Page 2 of 2

Posted: Mon Nov 05, 2012 11:02 am
by pennview
Another thing that you can do to keep those hand drills vertical is to cut a 1/2" x 1/2" (or smaller) rabbet on the corner of a piece of 2x4 (or whatever). This will allow you to see both the spot where you want to drill the hole and provides a frame of reference to keep the drill bit vertical.

Posted: Mon Nov 05, 2012 11:27 am
by dforeman
All very good ideas. I have to admit that I too have used the tape method from time to time. I learned this a long time ago back before I ever owned a drill press. But, I tend to use electrical tape. I've found that it adheres to the drill bit much better than masking tape.

Posted: Mon Nov 05, 2012 7:51 pm
by nil
Not that I am likely to do this but I wanted to point out the headstock does come off the way tubes and the depth stop still works.
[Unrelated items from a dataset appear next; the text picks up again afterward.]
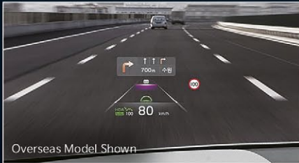
Head Up Display (GT-Line)
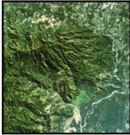
Figure 2. Morphology of research area showed from Landsat image band 321 in 1995 (Budiadi, 2008).

To know about morphological characteristics of the area, some response variables of morphometry have been analyzed, include : (a) elevation (h); (b) slope ( \alpha ); (c) valley floor – height ratio (Vf); (d) valley cross section (Vratio or Vr); (e) river gradient index (SL); and (f) drainage density (Dd). These variable responses have been collected from field directly as long as geomorphological mapping. The principle understanding of them can be noticed at Table 1.
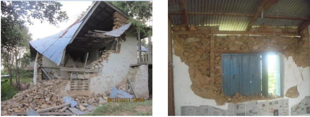
Fig 2.2 Failure of roof connection to wall (left); Collapse of inner wythe of stone wall due to lack of through stone (right), 18th Sept 2011 Taplejung Nepal earthquake, Photo courtesy NSET
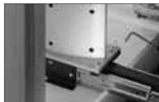
Fast and easy assembly also for installation at a later time.
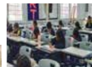
MINI ARTISTS CLUB
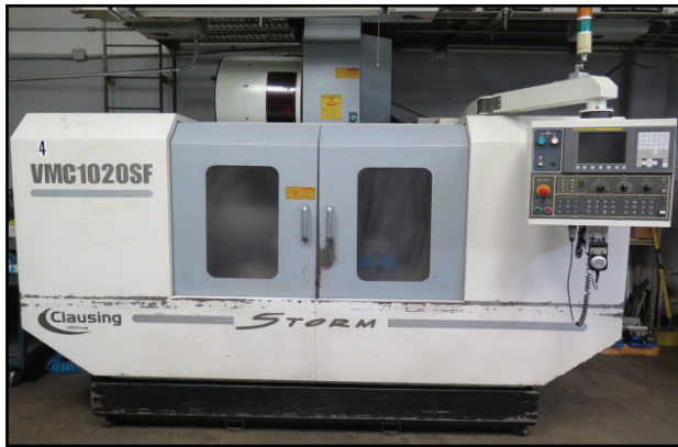
Clausing "Storm" VMC 1020SF CNC VMC w/ Fanuc 0i-MC Controls, 24-Station Side Mounted ATC, CAT-40 Spindle, 10,000 RPM, Rigid Tapping
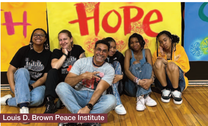
Louis D. Brown Peace Institute
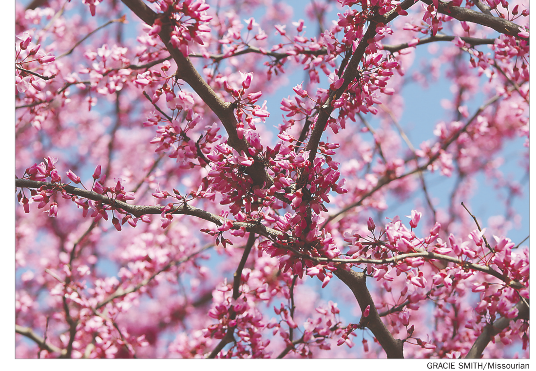
Eastern redbuds bloom at Shelter Gardens in Columbia. Shelter Gardens has 300 varieties of shrubs and trees in its five-acre botanical garden, as well as a memorial to veterans lost in the Vietnam War.

Helmi Sheely, owner of Helmi's Gardens, waters growing plants Wednesday at Helmi's Garden in Columbia. Sheely opened the garden in 2012 to pursue her gardening passion and guide others toward their dreams.
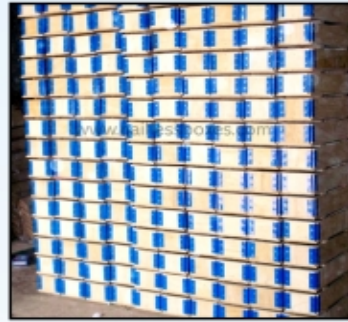
Boxes With Nails

Someone determined could build a frame to hold the headstock without anything blocking a large workpiece...

Posted: Fri Nov 09, 2012 8:01 am
by tomsalwasser
Lots of good information, thanks to you all. I do have a followup.
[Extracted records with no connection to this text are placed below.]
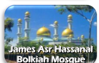
James Asr Hassanal Bolkiah Mosque

After breakfast, you will have the rest of the day free at leisure until your departure transfer to Brunei International Airport . And we wish you an enjoyable trip, bringing home fond memories of Brunei – A Kingdom Of Unexpected Treasures.
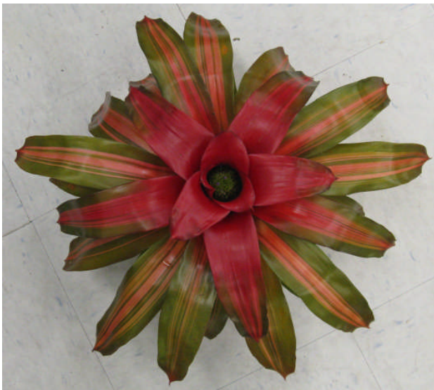
Neo. 'Orange Crush'

Helga Tarver Til. didisticha ; Til. concolor ; Til. streptophylla ; Til. streptophylla x Til. concolor ; Til. paucifolia ; Til. hammeri ; Guz. 'Wendy'
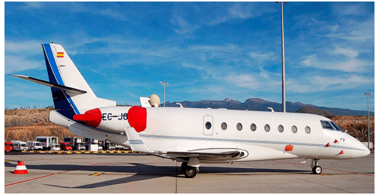
Gulfstream 200 Engine Cover set
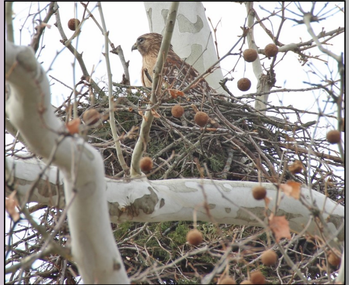
Harlan's Red Tail
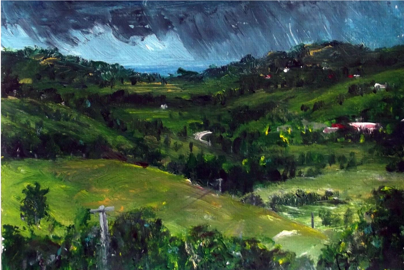
Towards Kingscliff from Murwillumbah, study, 2015
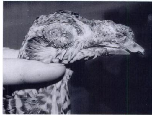
FIGURE 1. Multiple firm to fluctuant lesions due to reticuloendotheliosis on the head of a female wild-caught greater prairie chicken ( Tympanuchus cupido pinnatus ).

Frozen serum and plasma from 25 APC and 45 bobwhite quail ( Colinus virginianus ) collected between 1987 to 1993 from the APC National Wildlife Refuge (Eagle Lake, Texas, USA) were tested by virus isolation and virus neutralization to determine the prevalence of infection and antibodies in wild birds. In March 1995, two wild adult male APC captured on the refuge were bled and tested as described above.
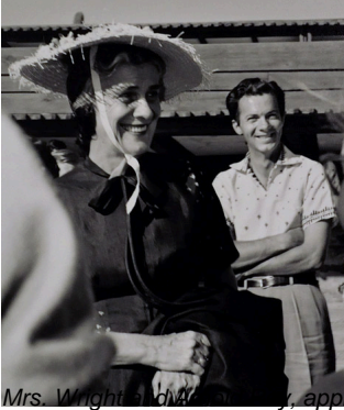
Mrs. Wright and Frank Lloyd Wright, apprentice, circa 1950's.

After further digging, I found THE best stop collar out there. It's from a small family owned company in Rhode Island, WL Fuller. They call it a drill stop. It's a finely machined drill bit stop collar for about $4 (for 1 collar). It fits the bit precisely. It's taller and thicker than the others I've found and has 2 larger set screws. It stays put. It removes and adjusts easily. It's a joy to use.

To be honest, even the cheapies work much better for me now that I'm tightening the set screw inside the flute as Gene recommended.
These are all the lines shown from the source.